Effective M&A strategy sees GIG revenues jump 202% for 2016

Completing its first full-year on the Oslo Stock Exchange (listed July 2015), Gaming Innovation Group (GIG) has recorded a 202% increase in corporate revenues to €53 million (FY 2015: €17.8 million).

Updating investors, GIG governance stated that its performance had been driven by its effective M&A strategy which had seen the firm increase its presence in lucrative Nordic markets.

Closing its full-year 2016 corporate performance, GIG would record an operating EBITDA of €5.8 million, reversing FY 2015 losses of – €2.1 million.

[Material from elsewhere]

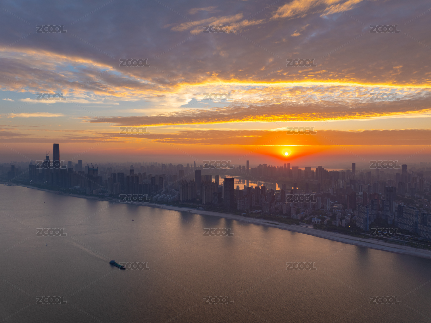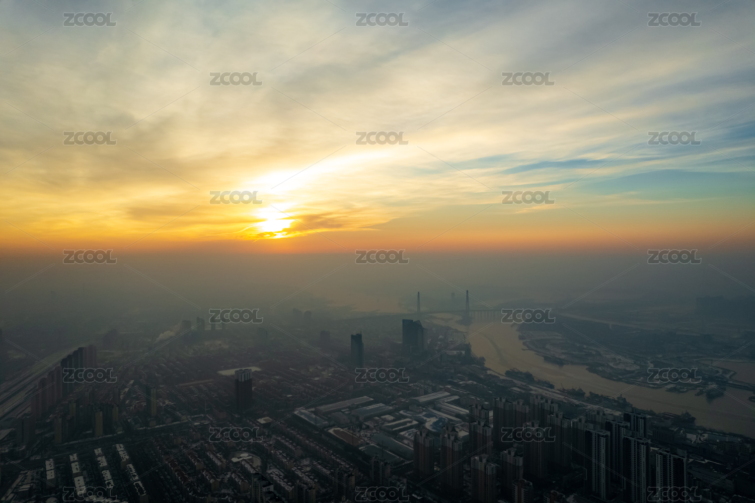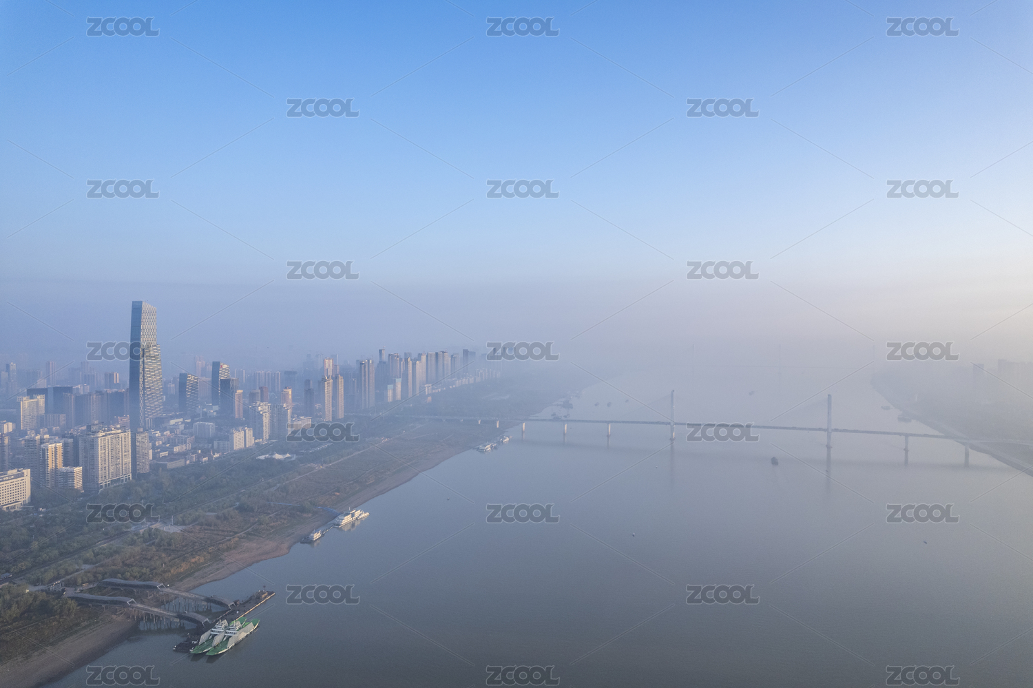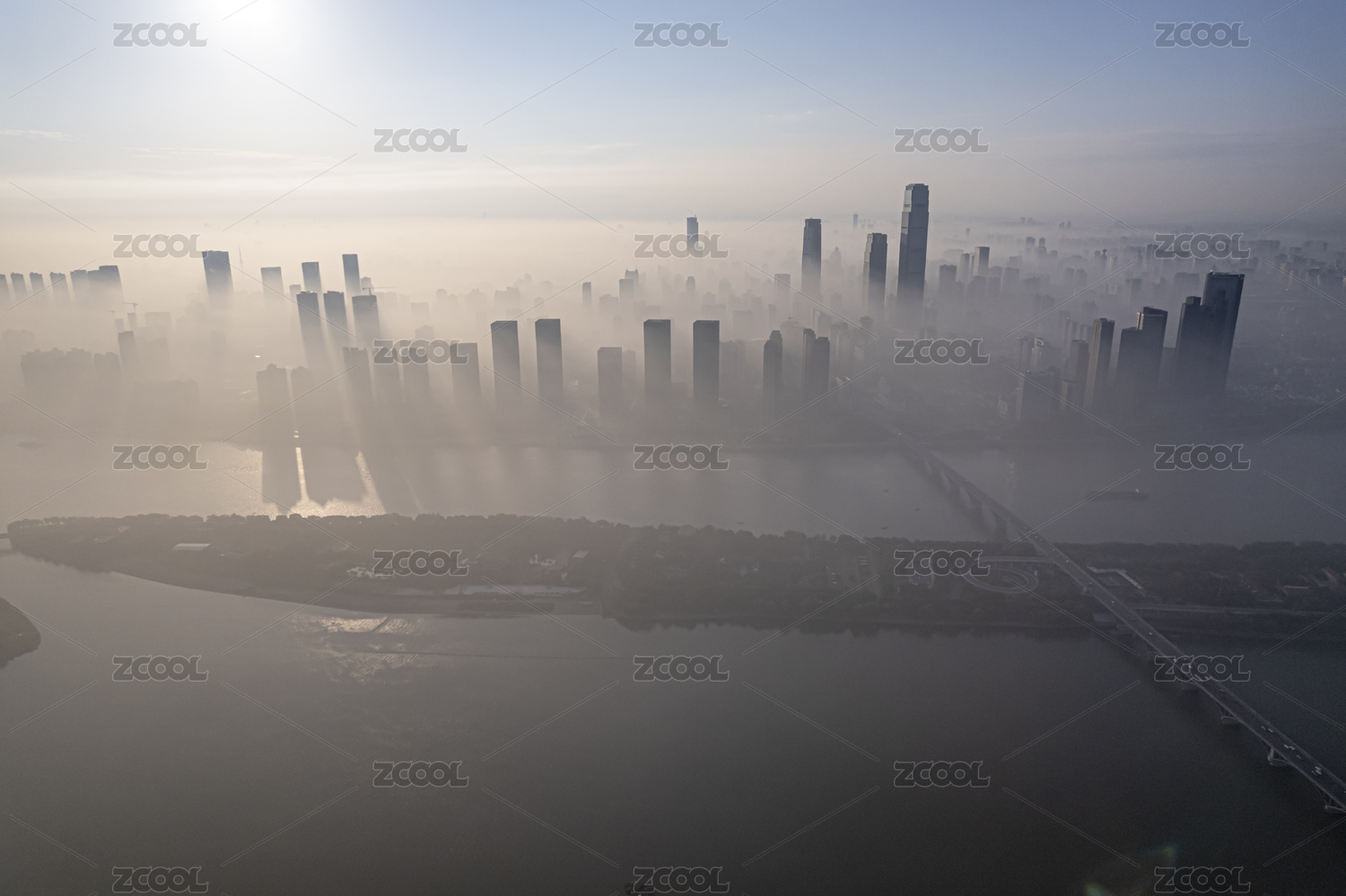 长沙晨雾日出眺望城市CBD航拍摄影配图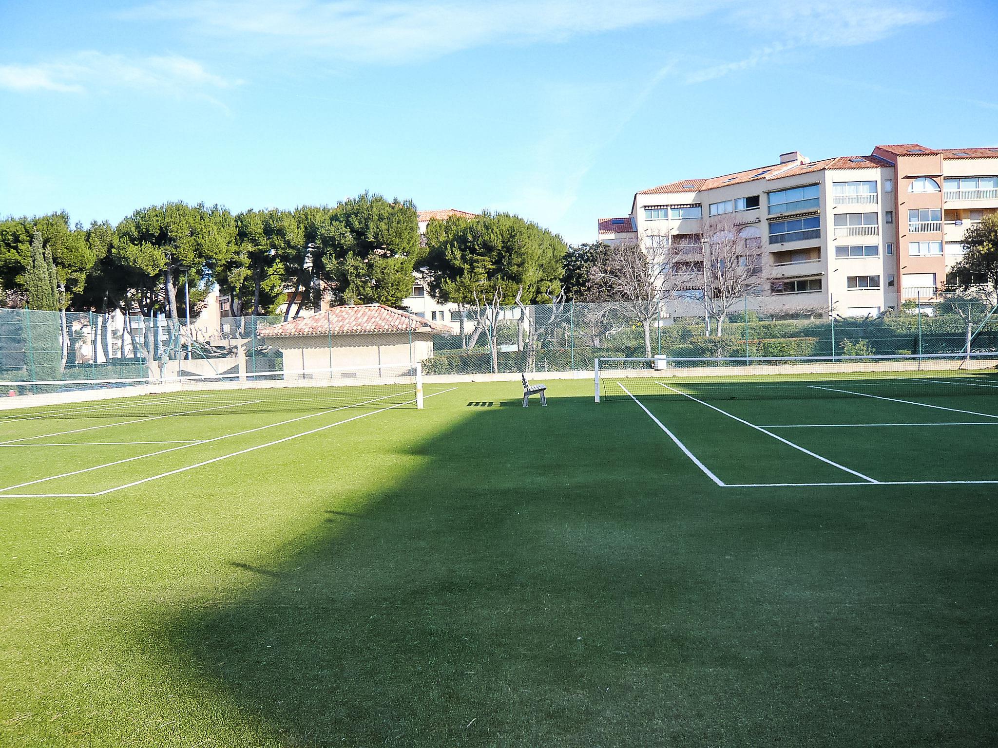 Swimming pool access: Morning: €2.50 - Afternoon: €3.50 - Full day: €4. 10 day passes for €35. Free for children under 4. Tennis access: Open from 8:00 am to 8:00 pm. €6 per hour per court. Reservations required at the swimming pool reception. Laundry facilities at the port of La Coudoulière, 100 m away. Residence "Les Marines d'Aryana", 2 storeys. 100 m from the sea, 100 m from the beach. For shared use: swimming pool fenced (20 x 10 m, seasonal availability: 01.Jul. - 31.Aug. pool opening hours: 09:30-19:30, extra). Tennis (01.Jul. - 30.Sep.) (extra), parking, public parking 50 m. Shop, grocery 300 m, supermarket 1 km, restaurant 200 m, bus stop 400 m, sandy beach "La coudoulière" 100 m. Tennis 50 m. Hiking paths: Sainte Baume, Sainte Victoire, Calanques Port-Cros, Porquerolles, Ile verte, Embiez, Figuerolles, Cassis. Please note: the keys‘ handover takes place by the agency Interhome in Six fours les plages, 3 km. The photograph shows a typical example.

The firm achieved a positive EBITDA despite doubling group marketing spend to €19 million for FY 2016.

GIG governance noted that acquisitions undertaken in 2015 had been successfully incorporated as the firm ‘significantly strengthens its core organisation’.

Following its integration of acquired Betit Holding assets (June 2016), GIG has at present 25 brands active on its IGC platform. GIG governance stated that moving forward its acquired assets performance would be supported by new ‘organic brands’ such as recently launched igaming asset RIZK.

Commenting on 2016 performance Robin Reed CEO of Gaming Innovation Group stated;

“In 2016 Gaming Innovation Group truly entered the iGaming scene. At the beginning of the year, three brands were live on the iGC-platform, while we had 25 brands operational by the end of December. Rizk.com has been one of the most successful iGaming launches in 2016 and we have completed several acquisitions. All this illustrates how the company has emerged during the year. In order to create a leading iGaming company, focus for 2017 will still be on building volumes”.

Issuing a 2017 update, at present GIG governance targets full-year 2017 revenues to be ‘above €120 million’, as the company seeks to establish its IGC-platform as a marker leader in igaming and betting services.